* [YOUR TASK]
Nothing outside the range is to be copied. From the entries below, reproduce exactly the lines starting at the one with "Riproduzione fotografica del" and ending at the one with "Women’s Plus Size", without pictures.
-- ENTRIES SHOWN follows --
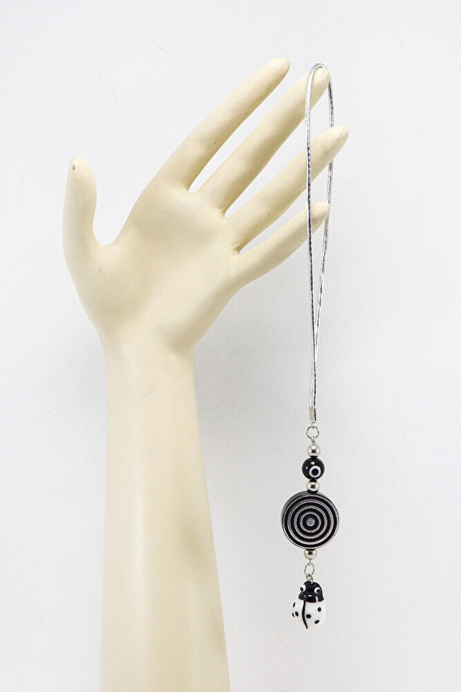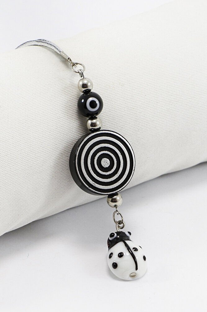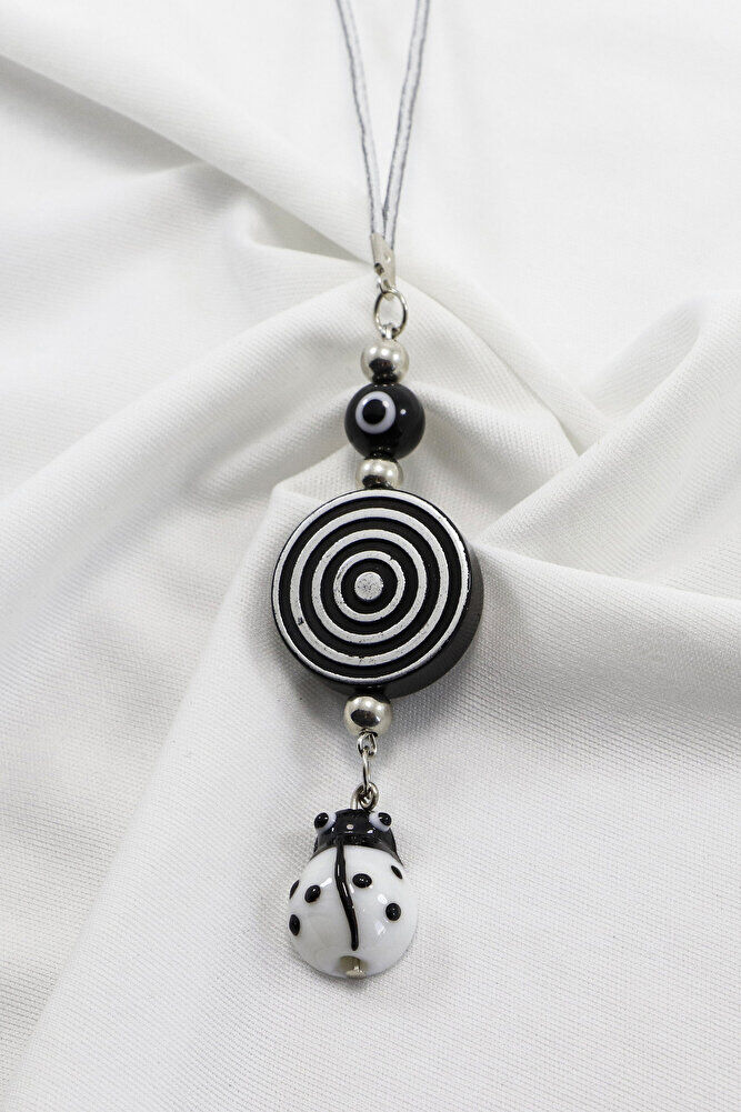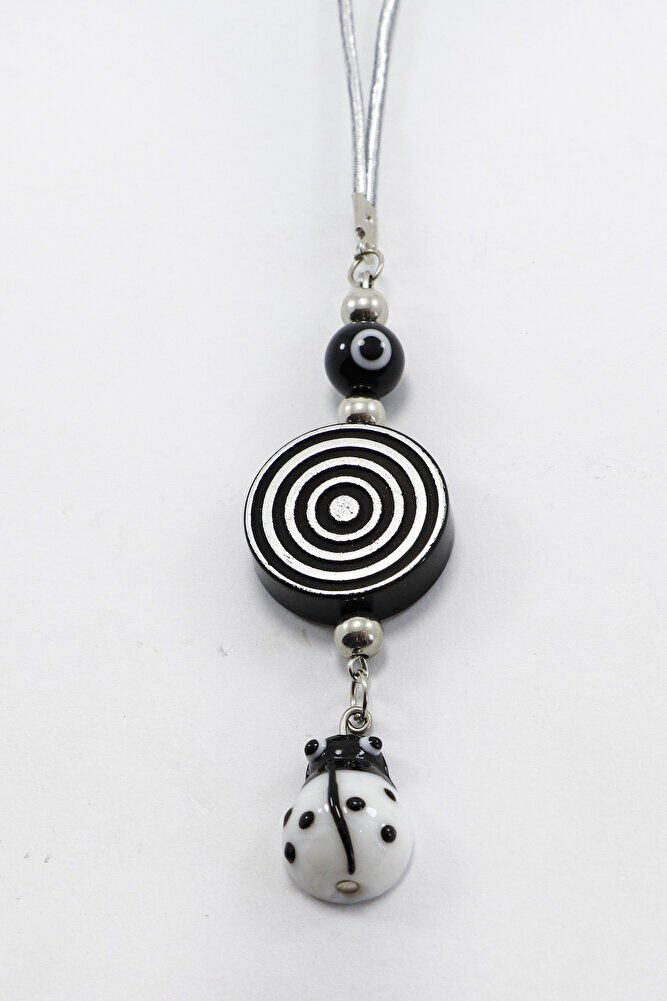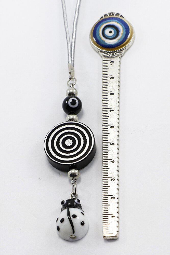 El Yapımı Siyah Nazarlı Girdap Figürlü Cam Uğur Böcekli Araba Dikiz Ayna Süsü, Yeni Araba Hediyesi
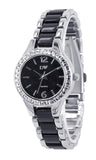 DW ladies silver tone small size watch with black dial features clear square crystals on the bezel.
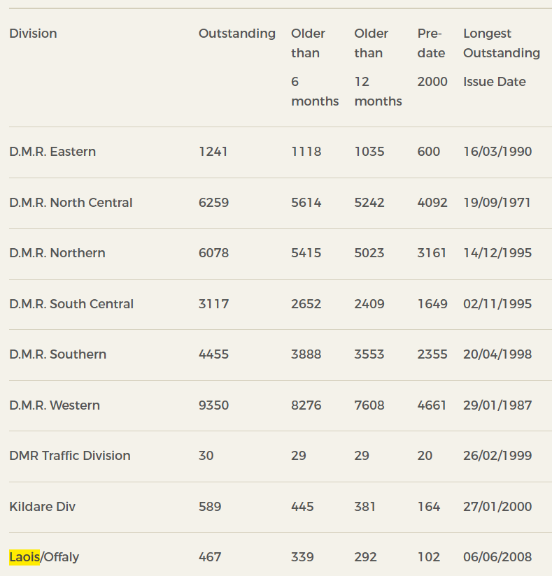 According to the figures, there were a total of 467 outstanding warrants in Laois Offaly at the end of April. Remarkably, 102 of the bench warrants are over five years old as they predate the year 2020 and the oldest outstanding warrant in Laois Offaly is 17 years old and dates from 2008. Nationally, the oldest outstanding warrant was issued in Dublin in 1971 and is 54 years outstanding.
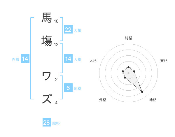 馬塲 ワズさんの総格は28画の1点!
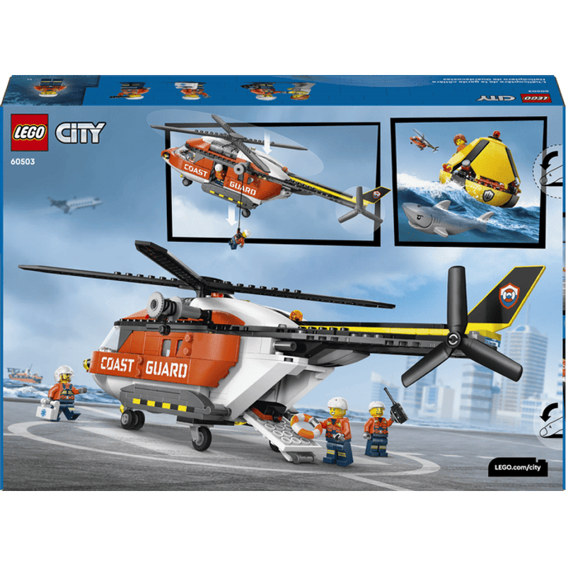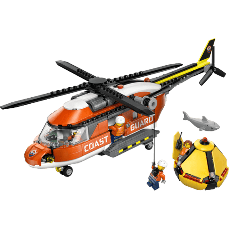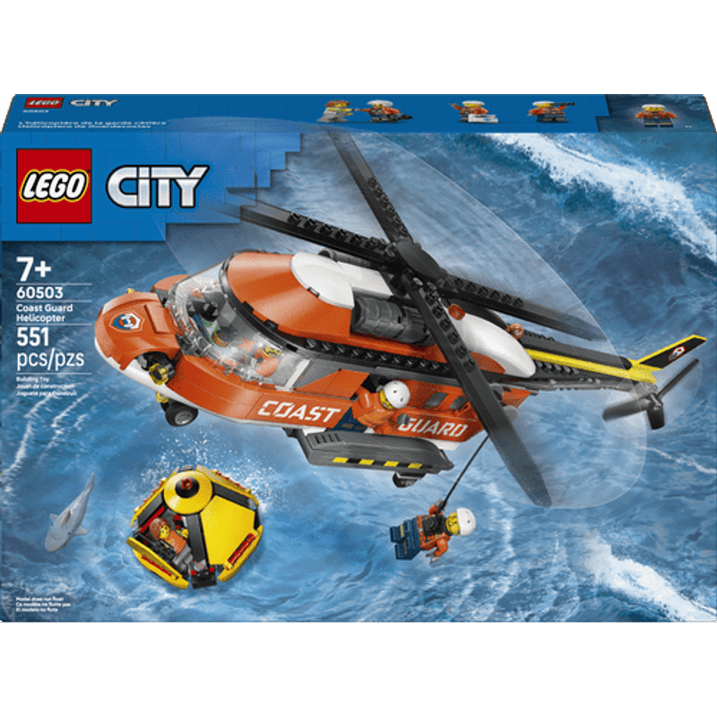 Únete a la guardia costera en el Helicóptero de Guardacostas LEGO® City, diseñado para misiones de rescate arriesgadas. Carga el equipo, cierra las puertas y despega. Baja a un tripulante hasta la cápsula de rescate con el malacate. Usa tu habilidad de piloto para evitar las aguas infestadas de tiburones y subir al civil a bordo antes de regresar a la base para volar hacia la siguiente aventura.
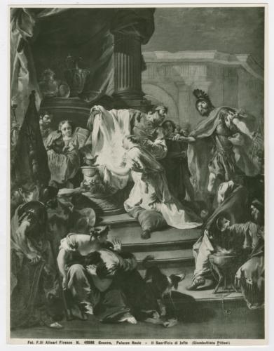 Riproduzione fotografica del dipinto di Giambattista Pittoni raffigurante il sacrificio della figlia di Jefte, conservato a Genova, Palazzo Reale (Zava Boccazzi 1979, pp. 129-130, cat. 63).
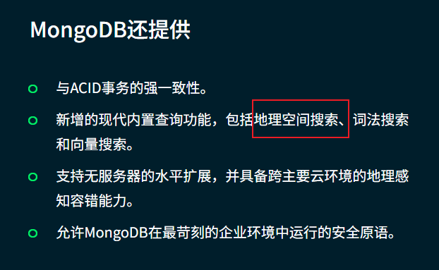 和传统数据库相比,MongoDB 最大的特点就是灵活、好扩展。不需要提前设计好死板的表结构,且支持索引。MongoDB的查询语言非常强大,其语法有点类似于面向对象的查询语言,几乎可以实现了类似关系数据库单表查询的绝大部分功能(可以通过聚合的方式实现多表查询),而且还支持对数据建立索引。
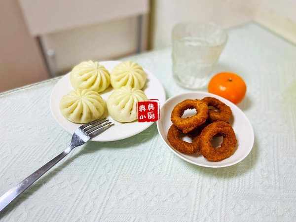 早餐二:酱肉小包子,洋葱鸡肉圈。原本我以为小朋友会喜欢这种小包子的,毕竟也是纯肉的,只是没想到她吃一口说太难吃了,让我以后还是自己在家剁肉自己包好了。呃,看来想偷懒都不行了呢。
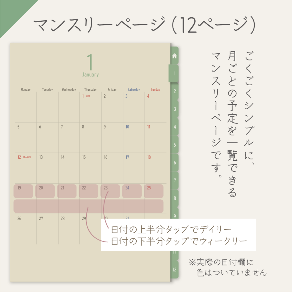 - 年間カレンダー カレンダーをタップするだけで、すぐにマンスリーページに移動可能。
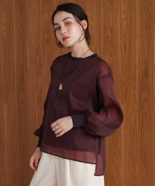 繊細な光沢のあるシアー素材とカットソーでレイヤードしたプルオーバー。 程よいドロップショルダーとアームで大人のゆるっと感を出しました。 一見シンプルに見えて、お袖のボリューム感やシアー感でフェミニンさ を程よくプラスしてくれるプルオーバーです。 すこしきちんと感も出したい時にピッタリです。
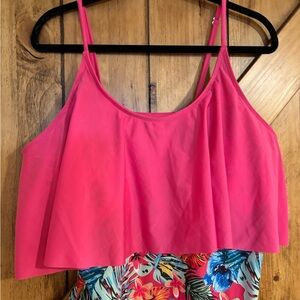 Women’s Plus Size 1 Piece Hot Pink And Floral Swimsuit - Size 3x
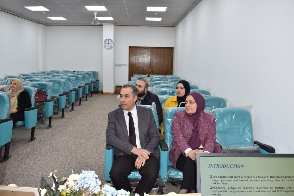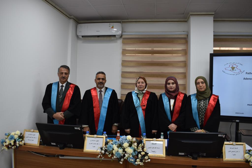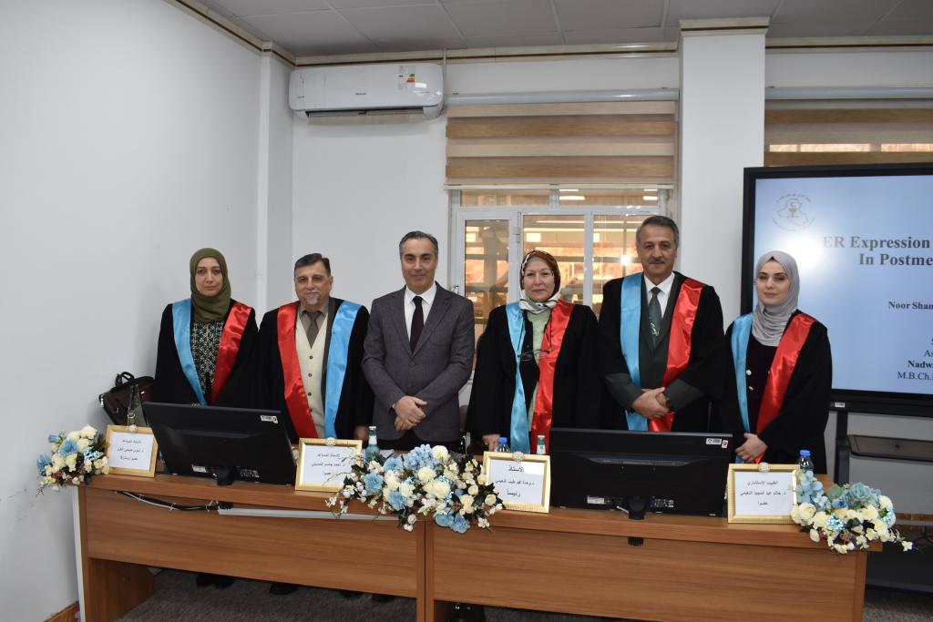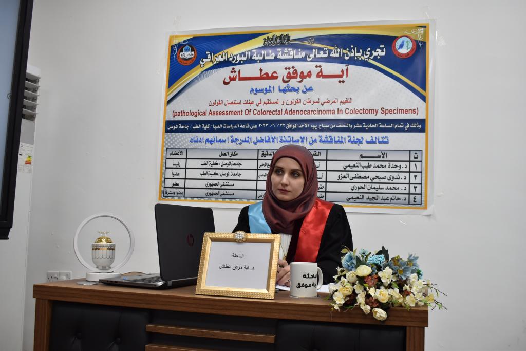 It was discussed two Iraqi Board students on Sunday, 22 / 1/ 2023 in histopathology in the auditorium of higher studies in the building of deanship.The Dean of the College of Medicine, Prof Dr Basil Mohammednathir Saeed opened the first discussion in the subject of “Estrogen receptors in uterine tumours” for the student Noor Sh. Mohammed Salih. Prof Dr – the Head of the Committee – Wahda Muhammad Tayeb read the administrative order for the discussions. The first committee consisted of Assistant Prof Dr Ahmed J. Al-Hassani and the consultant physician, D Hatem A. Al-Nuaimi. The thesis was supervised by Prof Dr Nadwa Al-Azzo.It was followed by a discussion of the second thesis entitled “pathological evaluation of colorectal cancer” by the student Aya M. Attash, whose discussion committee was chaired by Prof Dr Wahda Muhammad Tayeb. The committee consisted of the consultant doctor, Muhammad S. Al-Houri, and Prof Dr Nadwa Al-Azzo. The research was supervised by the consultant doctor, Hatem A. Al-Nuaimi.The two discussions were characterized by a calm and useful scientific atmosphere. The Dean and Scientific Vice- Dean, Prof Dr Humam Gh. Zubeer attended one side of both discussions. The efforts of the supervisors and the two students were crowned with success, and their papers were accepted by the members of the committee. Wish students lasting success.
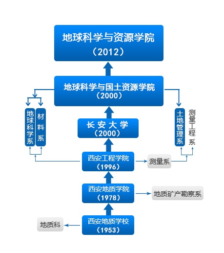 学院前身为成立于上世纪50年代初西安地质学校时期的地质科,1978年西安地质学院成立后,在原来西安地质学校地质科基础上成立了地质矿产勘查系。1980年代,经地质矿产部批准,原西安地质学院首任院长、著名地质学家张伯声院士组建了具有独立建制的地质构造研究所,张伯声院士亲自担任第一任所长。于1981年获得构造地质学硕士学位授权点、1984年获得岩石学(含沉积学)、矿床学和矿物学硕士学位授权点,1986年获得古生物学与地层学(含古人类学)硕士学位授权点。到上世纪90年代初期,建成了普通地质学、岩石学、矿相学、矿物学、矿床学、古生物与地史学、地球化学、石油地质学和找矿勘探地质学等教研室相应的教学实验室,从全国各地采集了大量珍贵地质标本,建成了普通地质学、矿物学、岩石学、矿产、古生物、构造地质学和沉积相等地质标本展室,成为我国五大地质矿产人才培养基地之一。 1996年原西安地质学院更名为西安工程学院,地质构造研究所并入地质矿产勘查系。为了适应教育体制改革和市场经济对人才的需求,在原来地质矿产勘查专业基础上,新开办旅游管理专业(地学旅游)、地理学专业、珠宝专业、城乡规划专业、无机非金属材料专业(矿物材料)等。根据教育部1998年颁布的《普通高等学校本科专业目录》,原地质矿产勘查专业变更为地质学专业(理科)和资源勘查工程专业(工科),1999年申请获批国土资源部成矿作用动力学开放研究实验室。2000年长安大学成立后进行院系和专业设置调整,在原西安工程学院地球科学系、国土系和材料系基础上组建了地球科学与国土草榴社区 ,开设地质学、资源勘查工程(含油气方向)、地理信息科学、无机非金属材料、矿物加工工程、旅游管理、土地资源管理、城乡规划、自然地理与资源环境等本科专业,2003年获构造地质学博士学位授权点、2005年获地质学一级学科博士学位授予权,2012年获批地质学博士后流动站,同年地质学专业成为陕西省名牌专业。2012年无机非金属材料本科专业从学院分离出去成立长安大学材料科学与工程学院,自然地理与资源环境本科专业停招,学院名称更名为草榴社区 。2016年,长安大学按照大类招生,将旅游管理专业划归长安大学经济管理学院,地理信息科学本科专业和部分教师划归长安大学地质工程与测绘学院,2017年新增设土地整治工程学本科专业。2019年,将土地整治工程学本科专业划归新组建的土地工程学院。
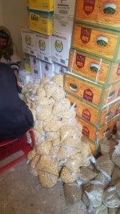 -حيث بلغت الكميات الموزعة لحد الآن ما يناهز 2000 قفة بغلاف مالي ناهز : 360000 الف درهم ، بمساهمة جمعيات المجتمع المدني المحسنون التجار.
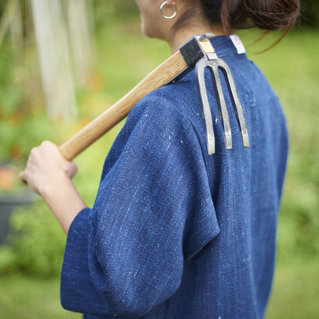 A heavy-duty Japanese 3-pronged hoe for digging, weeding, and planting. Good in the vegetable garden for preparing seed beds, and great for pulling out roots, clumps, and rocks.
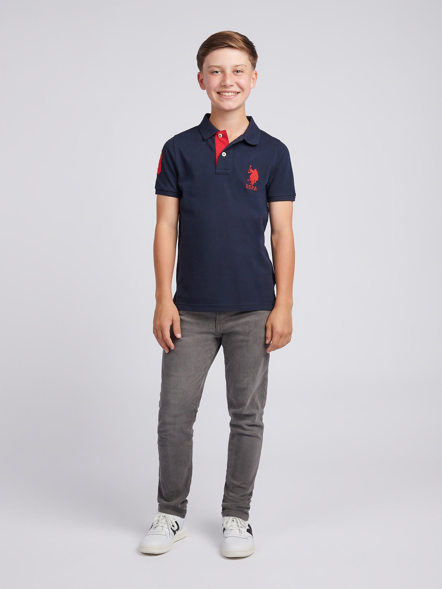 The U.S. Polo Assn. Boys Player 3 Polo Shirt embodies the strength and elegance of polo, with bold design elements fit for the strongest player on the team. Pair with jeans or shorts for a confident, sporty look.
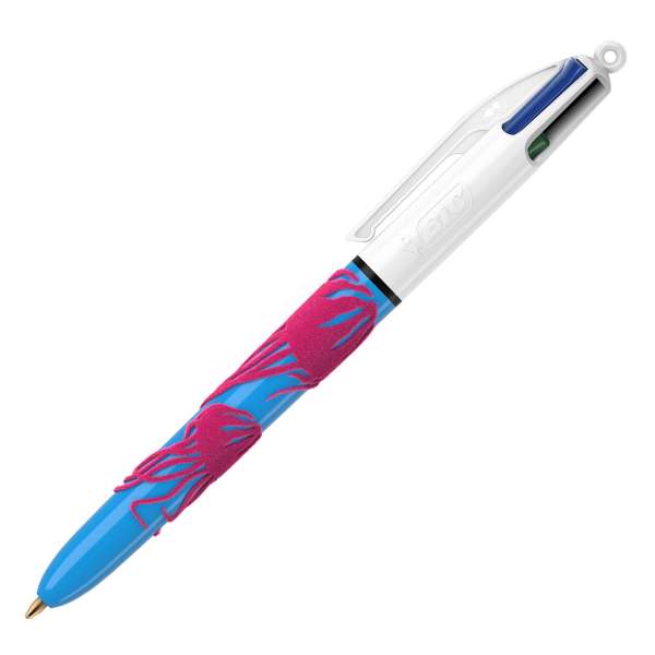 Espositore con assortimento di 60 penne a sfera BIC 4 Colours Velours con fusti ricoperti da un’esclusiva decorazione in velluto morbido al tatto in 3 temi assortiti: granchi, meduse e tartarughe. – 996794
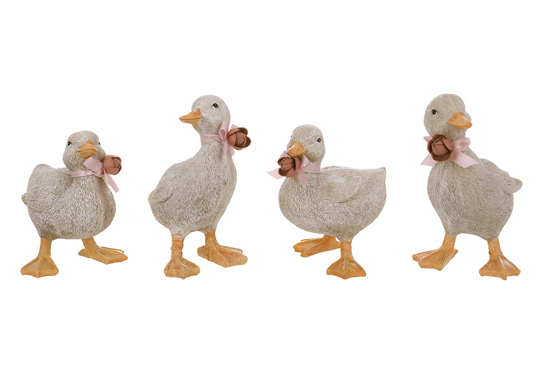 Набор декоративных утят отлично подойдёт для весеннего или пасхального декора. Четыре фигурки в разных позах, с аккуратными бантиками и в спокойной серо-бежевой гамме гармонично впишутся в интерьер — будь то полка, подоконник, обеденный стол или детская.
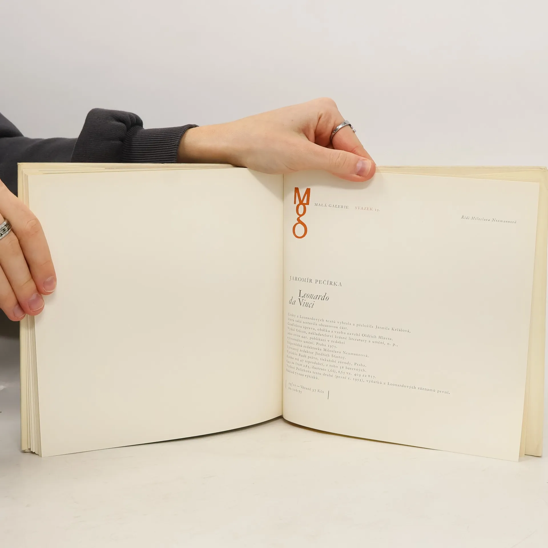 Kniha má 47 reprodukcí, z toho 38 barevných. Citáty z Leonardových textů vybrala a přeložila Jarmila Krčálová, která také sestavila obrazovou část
-- ENTRIES SHOWN concluded --
* [TASK RESULT]
 Riproduzione fotografica del dipinto di Giambattista Pittoni raffigurante il sacrificio della figlia di Jefte, conservato a Genova, Palazzo Reale (Zava Boccazzi 1979, pp. 129-130, cat. 63).
 和传统数据库相比,MongoDB 最大的特点就是灵活、好扩展。不需要提前设计好死板的表结构,且支持索引。MongoDB的查询语言非常强大,其语法有点类似于面向对象的查询语言,几乎可以实现了类似关系数据库单表查询的绝大部分功能(可以通过聚合的方式实现多表查询),而且还支持对数据建立索引。
 早餐二:酱肉小包子,洋葱鸡肉圈。原本我以为小朋友会喜欢这种小包子的,毕竟也是纯肉的,只是没想到她吃一口说太难吃了,让我以后还是自己在家剁肉自己包好了。呃,看来想偷懒都不行了呢。
 - 年間カレンダー カレンダーをタップするだけで、すぐにマンスリーページに移動可能。
 繊細な光沢のあるシアー素材とカットソーでレイヤードしたプルオーバー。 程よいドロップショルダーとアームで大人のゆるっと感を出しました。 一見シンプルに見えて、お袖のボリューム感やシアー感でフェミニンさ を程よくプラスしてくれるプルオーバーです。 すこしきちんと感も出したい時にピッタリです。
 Women’s Plus Size 1 Piece Hot Pink And Floral Swimsuit - Size 3x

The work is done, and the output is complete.